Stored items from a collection
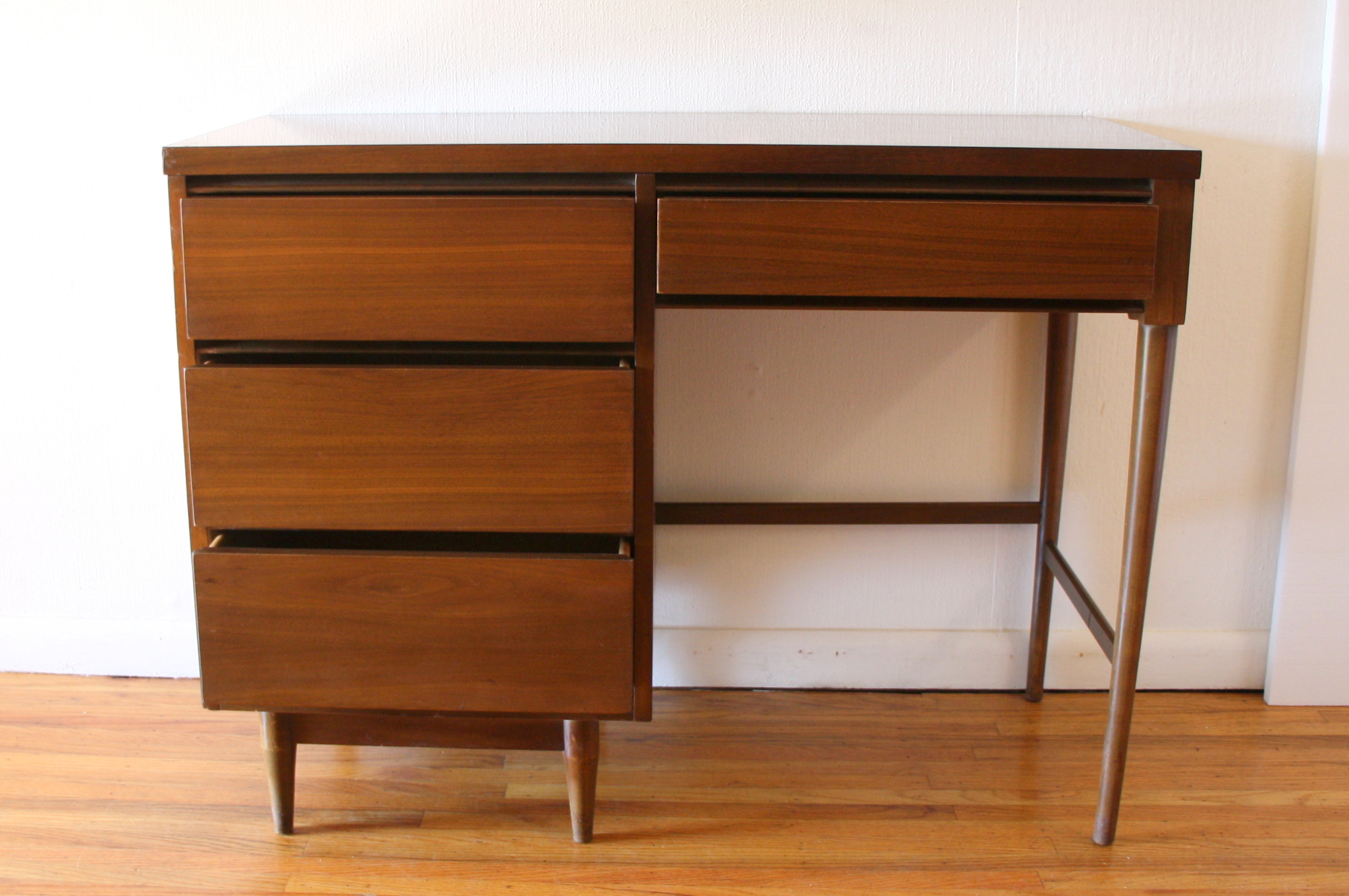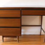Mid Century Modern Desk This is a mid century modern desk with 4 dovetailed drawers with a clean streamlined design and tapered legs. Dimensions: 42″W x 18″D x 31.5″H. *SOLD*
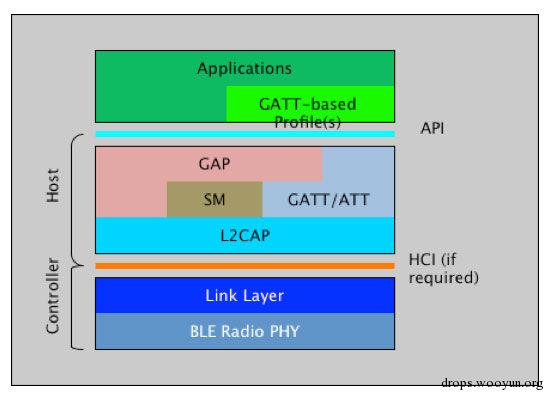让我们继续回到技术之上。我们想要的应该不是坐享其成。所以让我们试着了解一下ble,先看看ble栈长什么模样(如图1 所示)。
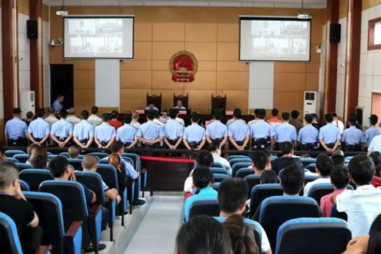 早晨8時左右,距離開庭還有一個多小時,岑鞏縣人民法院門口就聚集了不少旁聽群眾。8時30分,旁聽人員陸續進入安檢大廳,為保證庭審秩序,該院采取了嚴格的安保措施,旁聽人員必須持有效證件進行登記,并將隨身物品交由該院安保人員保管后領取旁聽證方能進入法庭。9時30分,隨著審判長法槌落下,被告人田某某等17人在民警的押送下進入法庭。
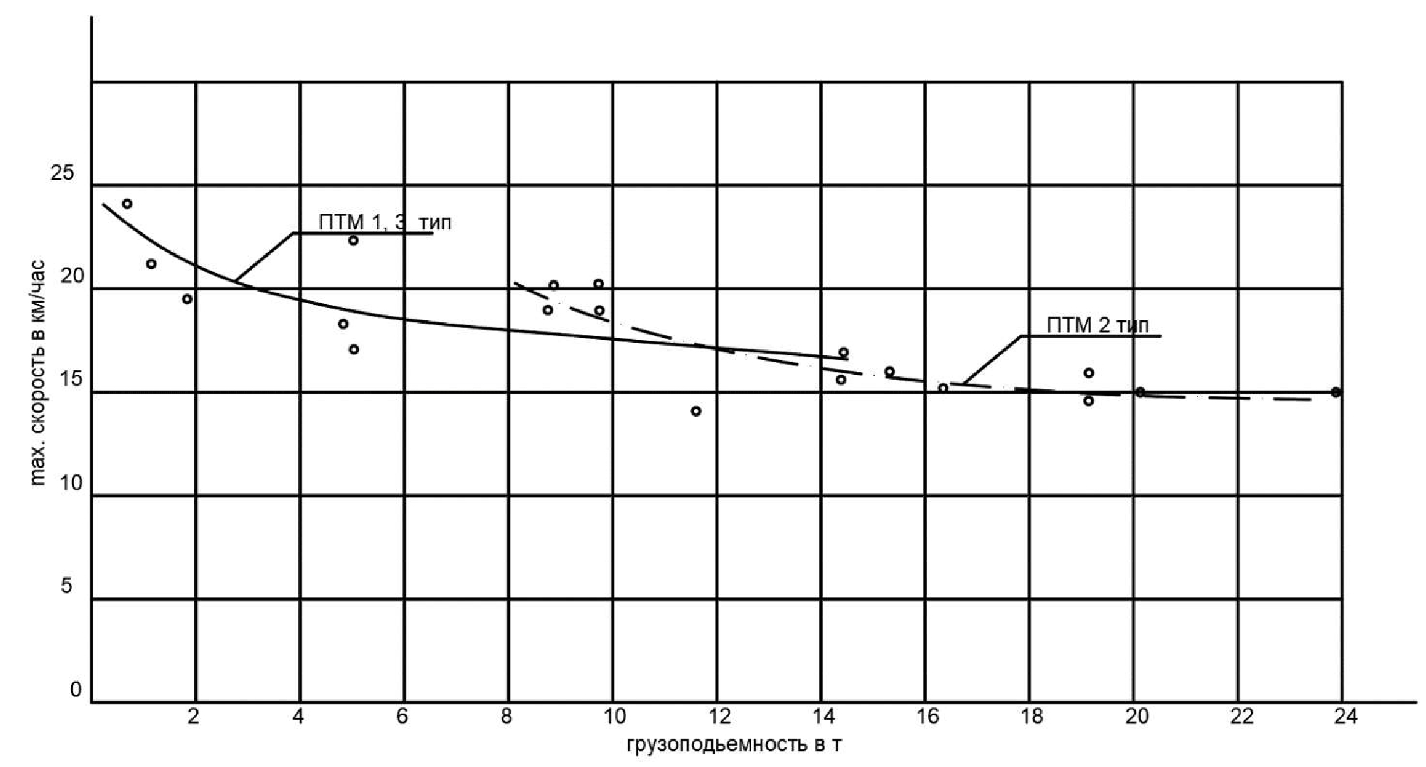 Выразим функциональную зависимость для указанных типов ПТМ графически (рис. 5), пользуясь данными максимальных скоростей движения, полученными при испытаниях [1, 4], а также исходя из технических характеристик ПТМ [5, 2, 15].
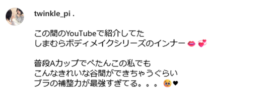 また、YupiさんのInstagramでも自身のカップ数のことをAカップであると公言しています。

What you will do | Set down all of the entries exactly. Leave the pictures out.

Solution |
Mid Century Modern Desk This is a mid century modern desk with 4 dovetailed drawers with a clean streamlined design and tapered legs. Dimensions: 42″W x 18″D x 31.5″H. *SOLD*
让我们继续回到技术之上。我们想要的应该不是坐享其成。所以让我们试着了解一下ble,先看看ble栈长什么模样(如图1 所示)。
 早晨8時左右,距離開庭還有一個多小時,岑鞏縣人民法院門口就聚集了不少旁聽群眾。8時30分,旁聽人員陸續進入安檢大廳,為保證庭審秩序,該院采取了嚴格的安保措施,旁聽人員必須持有效證件進行登記,并將隨身物品交由該院安保人員保管后領取旁聽證方能進入法庭。9時30分,隨著審判長法槌落下,被告人田某某等17人在民警的押送下進入法庭。
 Выразим функциональную зависимость для указанных типов ПТМ графически (рис. 5), пользуясь данными максимальных скоростей движения, полученными при испытаниях [1, 4], а также исходя из технических характеристик ПТМ [5, 2, 15].
 また、YupiさんのInstagramでも自身のカップ数のことをAカップであると公言しています。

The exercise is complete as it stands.